Recently a "wildcard" SSL (secure socket layer) certificate for Google (ie *.google.com) was found in the wild being presented by a non-google site from an Iranian IP address. This means that that server could impersonate any google website that has "google.com" in the name. In this way malicious operators could collect login information for many services, including email, and then scan email for more personal details to assist in identity theft, or direct login credentials theft to other sites, such as Paypal. (Many sites require you to receive email at a known email address to reset your password - this makes having control of someone's email an easy route to accessing accounts on other sites, perhaps even web banking.)

  The Economist, The Register articles on Google Certificate in the wild

Noted security researcher Moxie Marlinspike talks at the yearly hacker conference "BlackHat 2011" about recent issues with SSL, the secure socket layer, which protects most electronic communications on the internet and in some banking networks. In the second half of his talk he discusses the complexity of the designs of security for the internet, and some possible solutions to the current situation.

SSL and the Future of Authenticity: Marlinspike @ BlackHat 2011

That the fake certificate came from an Iranian IP address suggests that this may be related to state-sponsored activity. In Iran this may represent extremely serious risks for activists who may be arrested and tortured, or even executed once their identities are revealed and private email accounts' contents read.

The certificate was issued by a reseller of a major SSL certificate vendor, Comodo. Browser vendors like Firefox, Apple (for Safari) and Google for Chrome rushed to invalidate the certificates for this vendor, but this act breaks much of the internet's security. The reason for this is that a small website's certificate's security is verified by a digital signature built into the browser - of which Comodo's is one.

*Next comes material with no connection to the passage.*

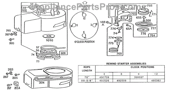 Parts for Briggs & Stratton 091707-3036-01: Blower Hsg, Rewind,Vert Pull Parts

In so including these in all browsers, all users across the whole internet implicitly trust Comodo to guard their top level certificate and computer systems very well - but they and all top level Certificate Authorities (CAs) are instantly and obviously a major target for nefarious hackers (aka "Black Hat" hackers, in this case suspected Iranian govt. agents).

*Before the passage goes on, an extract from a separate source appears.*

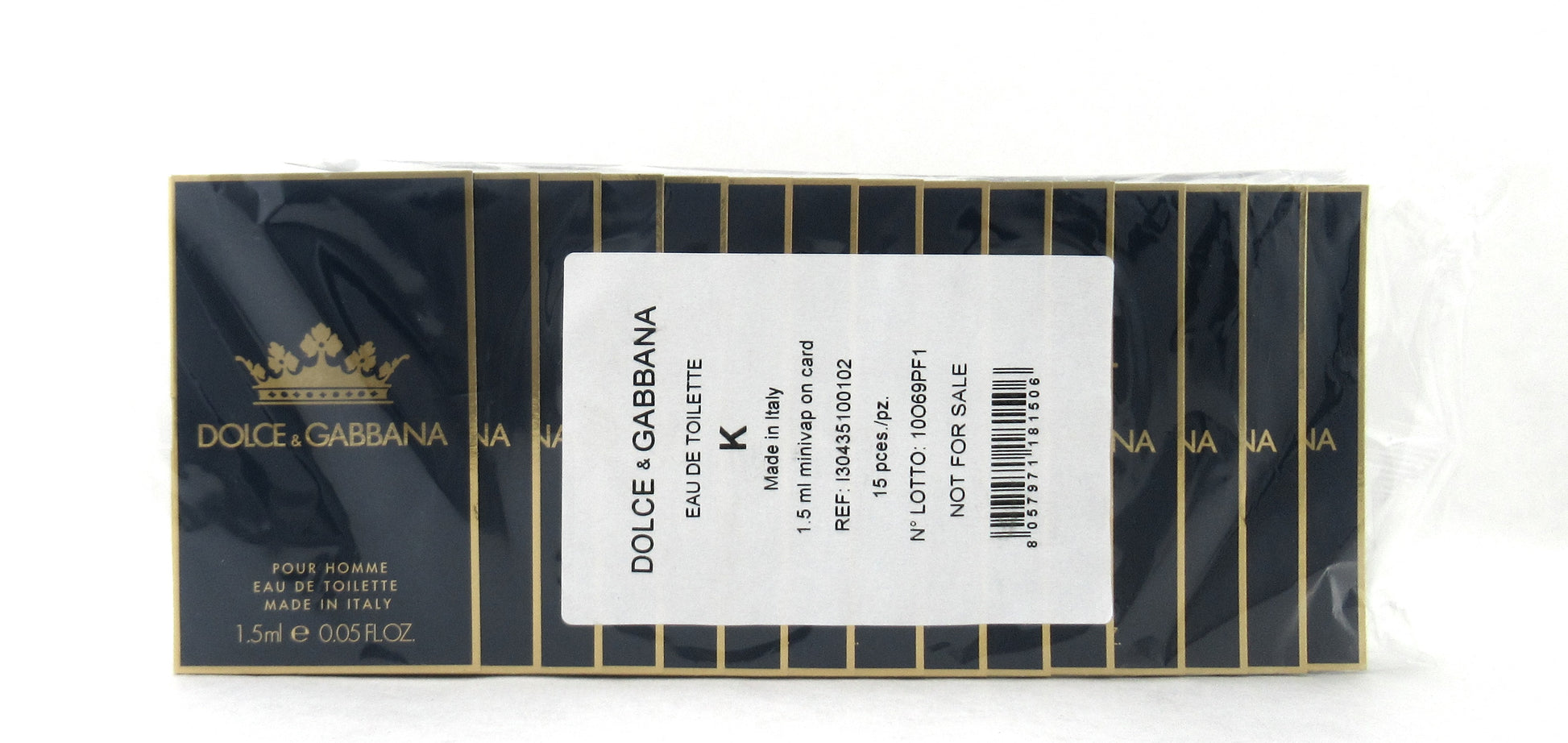Dolce & Gabbana K Pour Homme Eau De Toilette Spray Vial 1.5 ml./ 0.05 oz. Lot of 15 New Sealed Pack Brand new. Comes in sealed pack as shown on the picture. May be marked "sample/not for sale."

Browsers today try to ensure security is effective by making users more aware of security - the little lock icon at the bottom of Firefox for a secure site, or the green bar at the top for the more expensive certificates (a differentiation that allows tiers of products to be sold for the primary goal - revenue). Unfortunately this revenue breeds competition and prices drop - and with dropping prices there's less revenue available to allocate to security - which means vetting SSL certificate applicants for domain ownership, etc. Fewer people are on phones and the web doing the legwork to ensure proper credentials because the operating budgets are not provided by the reduced revenues, and the result is that almost anyone can get a certificate for almost any domain - even a domain they don't own, given a minor amount of fraudulent information in their applications.

Ultimately, all the security of the internet for all eCommerce and web banking relies on this SSL security standard, and it is fundamentally flawed due to interests that compete with the primary desire of those issuing certificates - revenue. Additionally, the system was designed as a prototype in the early 90s when the web was nascent and eCommerce didn't exist, and many of the types of attack, where all subtleties and side effects count, were not imagined.

An entire overhaul of the system is required, and there are a few efforts ongoing, but considering that many people are still surfing the web with the ancient Internet Explorer 6.0 which is now 5-6 years old and woefully insecure but is the default browser in many Windows installs, it will be an uphill battle if browser updates are the method. Modern browsers are still susceptible to the mechanics of SSL certificate issuance and moreso the delays of retraction, but some plugins for browsers are now available to assist such as Marlinspike's Convergence. Unfortunately, the CA system will have to be dropped, but there are some very large companies who would not like to see this revenue disappear (such as GoDaddy and Verisign).